WHAT YOU ARE ASKED TO DO: Copy all the data exactly, except the pictures.

INFORMATION SHOWN:
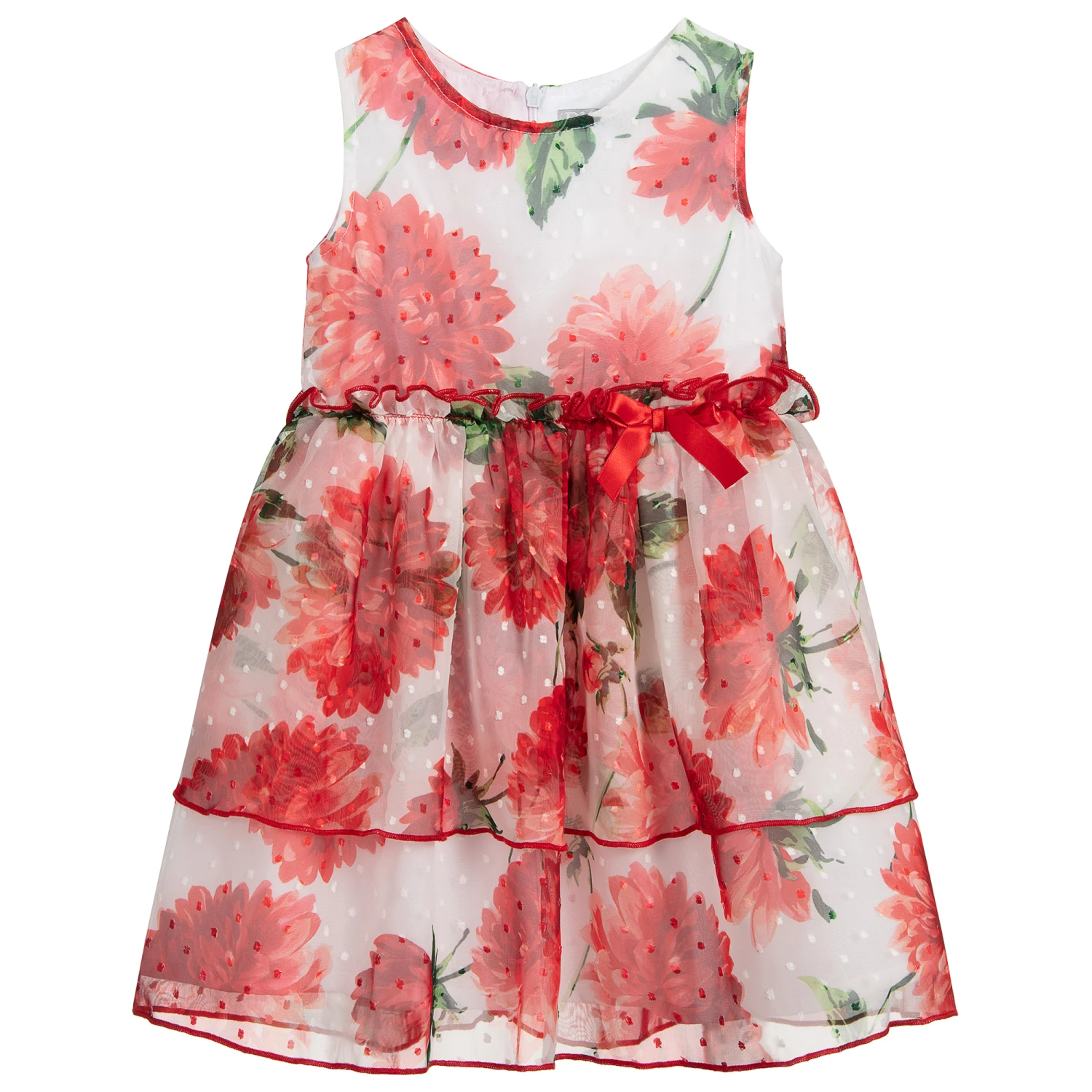 Teen girls white chiffon dress by Dr. Kid, with a red floral pattern. It has a tiered skirt, with a red satin ribbon on the ruffle waistband.
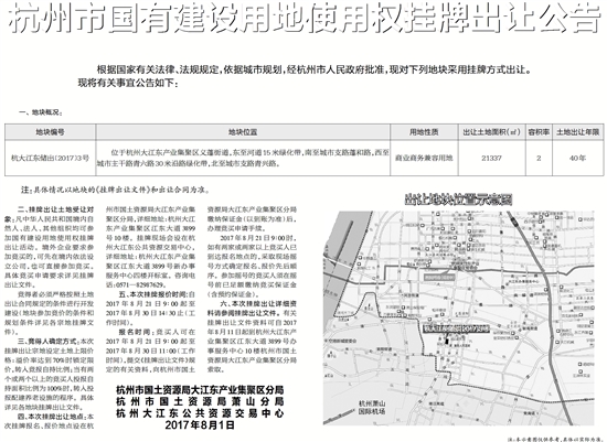 六、本次挂牌出让详细资料请参阅挂牌出让文件。有关挂牌出让文件资料可自2017年8月11日起到杭州大江东产业集聚区江东大道3899号办事服务中心10楼杭州市国土资源局大江东产业集聚区分局索取。
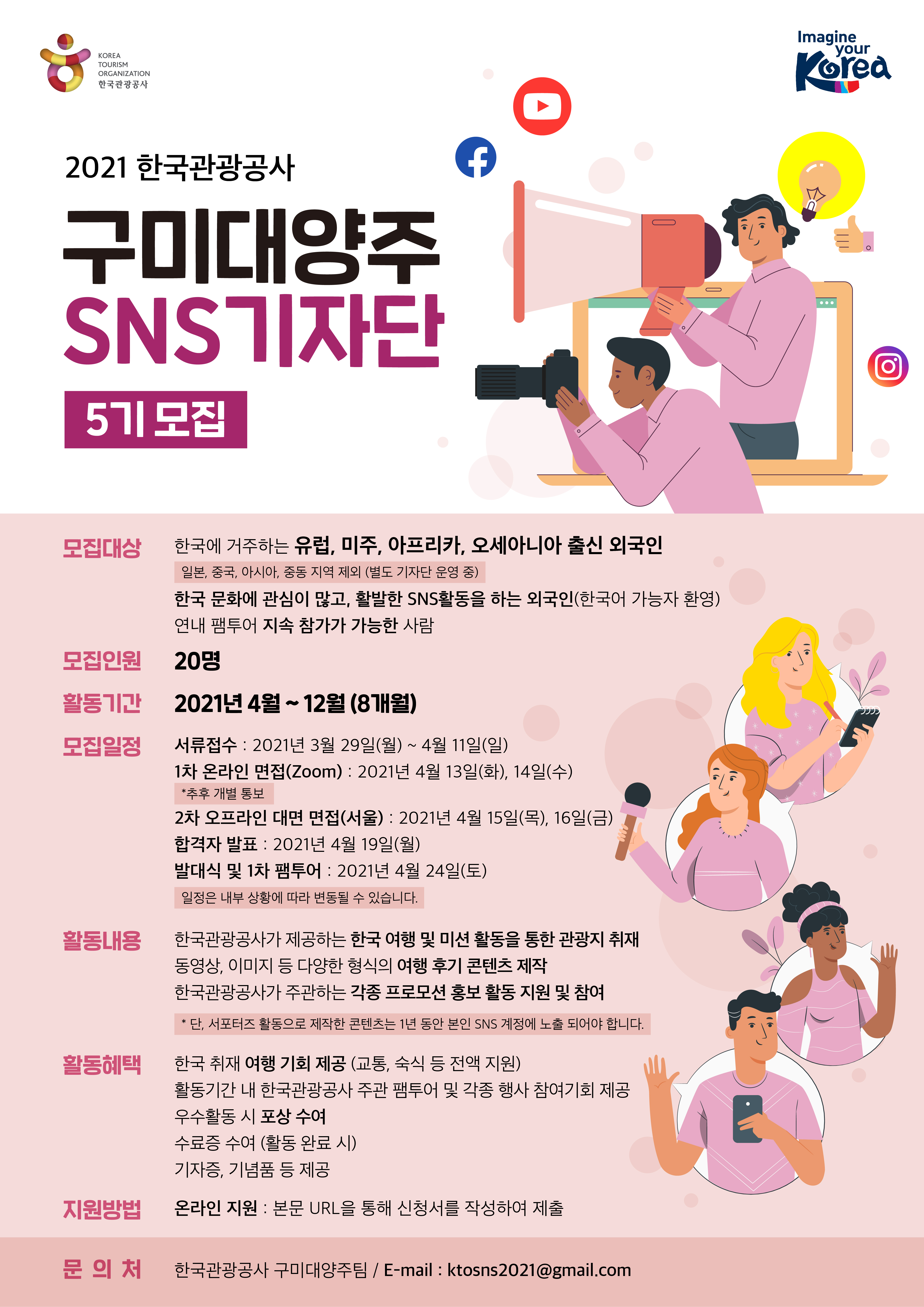[홍보] 한국관광공사(KTO 2021 한국관광공사 구미대양주 SNS 기자단 모집 / SNS Supporters recruitment

EXPECTED ANSWER:
 Teen girls white chiffon dress by Dr. Kid, with a red floral pattern. It has a tiered skirt, with a red satin ribbon on the ruffle waistband.
 六、本次挂牌出让详细资料请参阅挂牌出让文件。有关挂牌出让文件资料可自2017年8月11日起到杭州大江东产业集聚区江东大道3899号办事服务中心10楼杭州市国土资源局大江东产业集聚区分局索取。
[홍보] 한국관광공사(KTO 2021 한국관광공사 구미대양주 SNS 기자단 모집 / SNS Supporters recruitment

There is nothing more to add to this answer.